Given data:
[Start of Attachment]
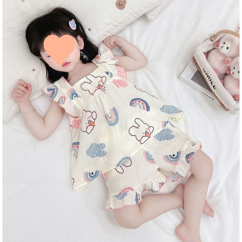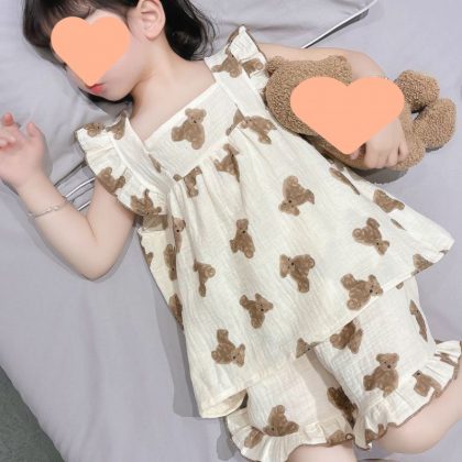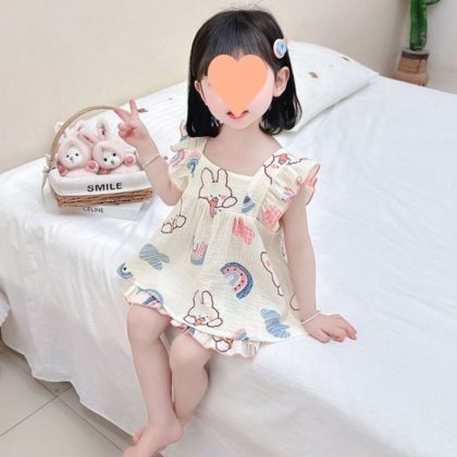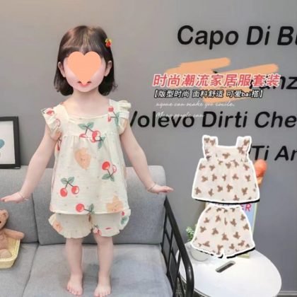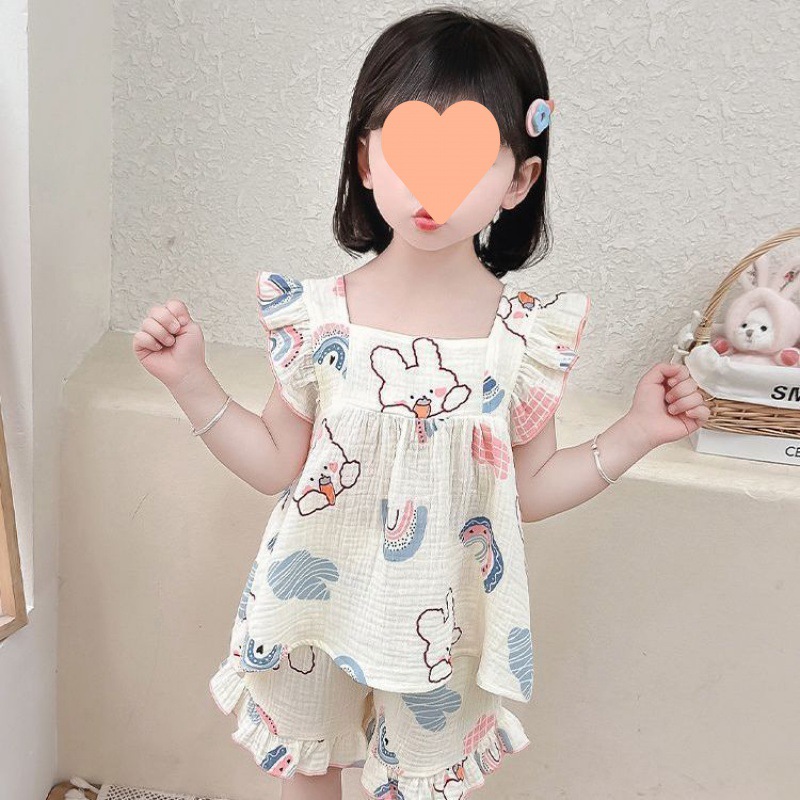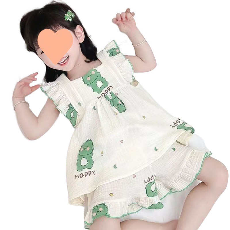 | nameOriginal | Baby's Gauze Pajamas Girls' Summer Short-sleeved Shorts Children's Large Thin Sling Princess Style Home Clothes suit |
[End of Attachment]
[Start of Attachment]
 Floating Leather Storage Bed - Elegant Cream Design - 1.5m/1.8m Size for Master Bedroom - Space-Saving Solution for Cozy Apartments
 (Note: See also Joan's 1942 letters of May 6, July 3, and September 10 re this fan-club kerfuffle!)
[End of Attachment]
[Start of Attachment]
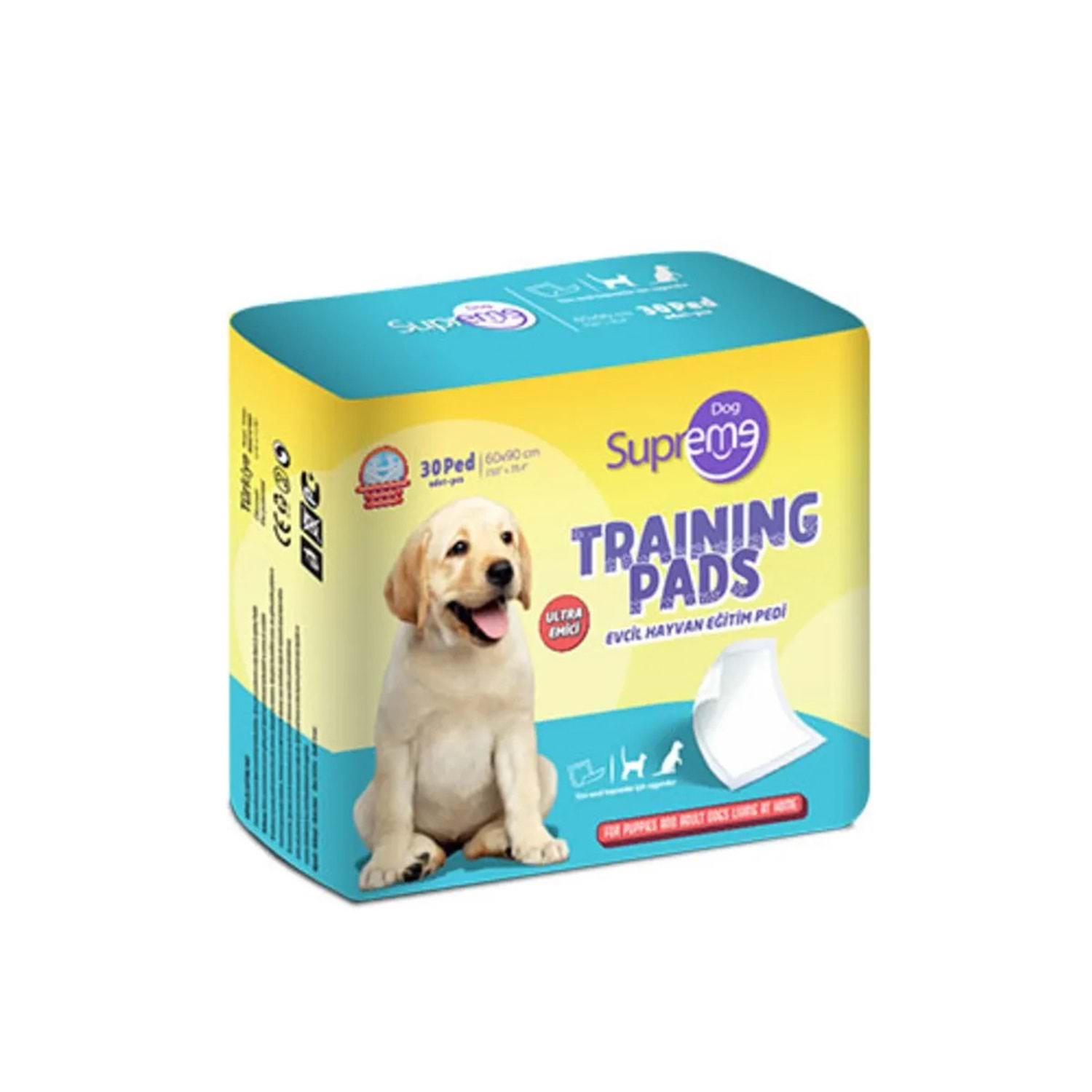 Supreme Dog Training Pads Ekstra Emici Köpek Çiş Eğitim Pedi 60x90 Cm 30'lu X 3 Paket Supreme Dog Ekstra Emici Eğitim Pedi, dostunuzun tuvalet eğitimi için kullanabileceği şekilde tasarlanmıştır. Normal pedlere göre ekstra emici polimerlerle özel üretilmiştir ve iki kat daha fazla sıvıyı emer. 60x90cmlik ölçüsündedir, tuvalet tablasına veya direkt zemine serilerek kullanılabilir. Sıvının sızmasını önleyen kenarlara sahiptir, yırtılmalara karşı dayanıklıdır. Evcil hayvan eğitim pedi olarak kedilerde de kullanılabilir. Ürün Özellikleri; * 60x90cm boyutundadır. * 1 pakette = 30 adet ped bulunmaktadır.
[End of Attachment]
Aim of the task: Lines wanted from the listing above: the line with "Floating Leather Storage" up to and including the line with "(Note: See also". Please write them out exactly, adding nothing else.

Result of the exercise:
 Floating Leather Storage Bed - Elegant Cream Design - 1.5m/1.8m Size for Master Bedroom - Space-Saving Solution for Cozy Apartments
 (Note: See also Joan's 1942 letters of May 6, July 3, and September 10 re this fan-club kerfuffle!)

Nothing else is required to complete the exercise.